The adapter does attack_class(model, **constructor) once and never forwards per-call budget kwargs.

FoolboxAssessor

call:

Foolbox attacks read epsilons=... at attack(fmodel, inputs, targets, epsilons=...).

Putting budget kwargs in the wrong block emits a warning so the misconfiguration is visible in the run log.

Typed semantics and visualiser compatibility

RAITAP uses typed AssessmentKind, ThreatModel, Objective, and PerturbationBudget semantics to validate visualisers against the result they receive. In short:

  • assessors produce typed RobustnessResult.semantics

  • visualisers declare which AssessmentKind they can render via the supported_assessment_kinds: ClassVar[frozenset[AssessmentKind]] attribute

  • the factory rejects incompatible pairings at YAML parse time (AssessmentKindVisualiserIncompatibilityError)

  • image visualisers additionally refuse non-image results (input_spec.kind != IMAGE)

Visualiser

Supports

Notes

ImagePairVisualiser

EMPIRICAL_ATTACK

Renders N rows by 3 columns: clean, perturbed, signed perturbation heatmap. Rejects tabular / time-series / token results.

PerturbationHeatmapVisualiser

EMPIRICAL_ATTACK

Per-sample diverging heatmap of the perturbation. Default channel reduction is signed_dominant (preserves sign without cancelling opposing channels). Other modes: mean, mean_abs, max_abs.

VerdictSummaryVisualiser

FORMAL_VERIFICATION

Two-panel summary: verdict-count bar chart plus a runtime histogram per verified sample.

OutputBoundsCohortVisualiser

FORMAL_VERIFICATION

Boxplot of certified per-class output-bound widths (upper - lower) across the verified batch. Constructor kwargs: whis, show_outliers. Renders a placeholder figure when result.output_bounds is None or all rows are NaN.

OutputBoundsPinnedVisualiser

FORMAL_VERIFICATION

Per-sample plot of [lower_k, upper_k] certified intervals for each output class with the target class highlighted. Constructor kwargs: max_samples, max_classes (default 20 — above it, shows the target plus the classes with the largest certified upper bounds so many-class models like ImageNet stay legible), target_color, bar_color, sample_indices. Falls back to a placeholder when bounds are absent.

OutputBoundsWidthHeatmapVisualiser

FORMAL_VERIFICATION

Heatmap of certified per-class output-bound widths (upper - lower) across the verified batch (rows = samples, columns = classes). Constructor kwargs: cmap, max_samples, figsize.
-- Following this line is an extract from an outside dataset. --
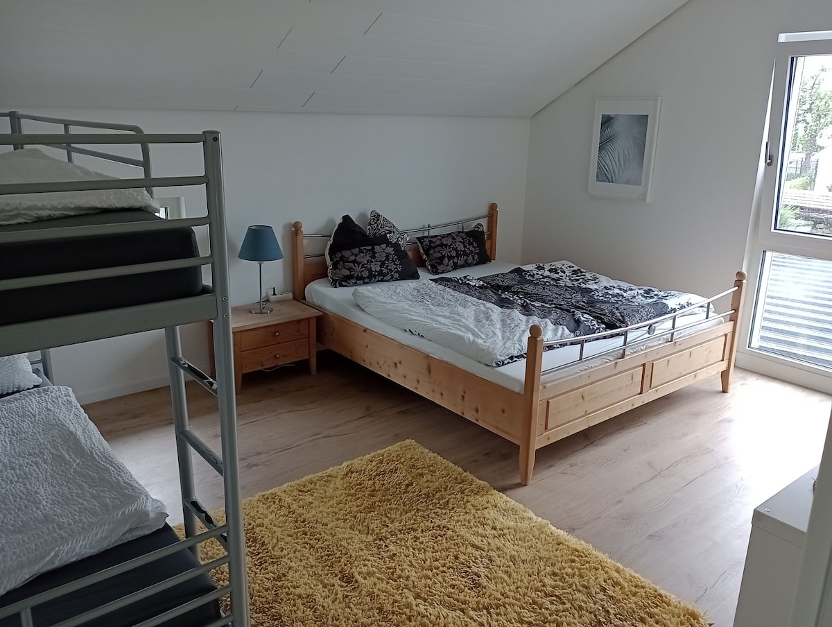 Nous louons notre spacieuse chambre d'hôtes non-fumeur dans le toit nouvellement aménagé de notre maison, avec antichambre, douche/WC, télévision par câble, kitchenette (bouilloire), machine à café, micro-ondes et petit réfrigérateur. Nous mettons à disposition de la vaisselle, mais il n'est pas possible de cuisiner. Convient pour jusqu'à quatre adultes, lit bébé possible sur demande. Commerces, piscine Titania et transports en commun à proximité.

Renders a placeholder figure when result.output_bounds is None or every row is NaN.

OutputBoundsMarginHeatmapVisualiser

FORMAL_VERIFICATION

Heatmap of signed per-class margins relative to the target class's lower bound (rows = samples, columns = classes; target cell masked). Constructor kwargs: cmap, max_samples, figsize. Falls back to a placeholder when bounds or targets are absent.

CorruptionAccuracyVisualiser

STATISTICAL_SAMPLING

Clean vs corrupted accuracy bars with a CI whisker. Annotated with corruption name, severity, and N.

Empirical image visualisers declare whether they embed a clean-input panel or a perturbation-map panel by default. Compact reporting uses those declarations to choose one canonical owner per facet and ask non-owners to omit repeated panels. The runtime kwargs are include_clean_input and include_perturbation_map. They affect report-only renders; persisted visualiser PNGs remain self-contained. Verifier visualisers keep the default facet flags (False) and do not need to accept these kwargs unless they explicitly opt into the contract.

Contributor-facing details about the assessor / visualiser internals are in Contributing to the robustness module.

Assessor libraries

Torchattacks

TorchattacksAssessor wraps every attack class in torchattacks via dynamic loading; the YAML algorithm: field names the class. White-box attacks require a torch backend with autograd (the adapter rejects ONNX backends with AssessorBackendIncompatibilityError). Inputs are made contiguous before the call so attacks that internally view(...) (e.g. PGDL2, CW, DeepFool, Square) work on RAITAP's loader output (which produces non-contiguous NCHW tensors via HWC→CHW transpose).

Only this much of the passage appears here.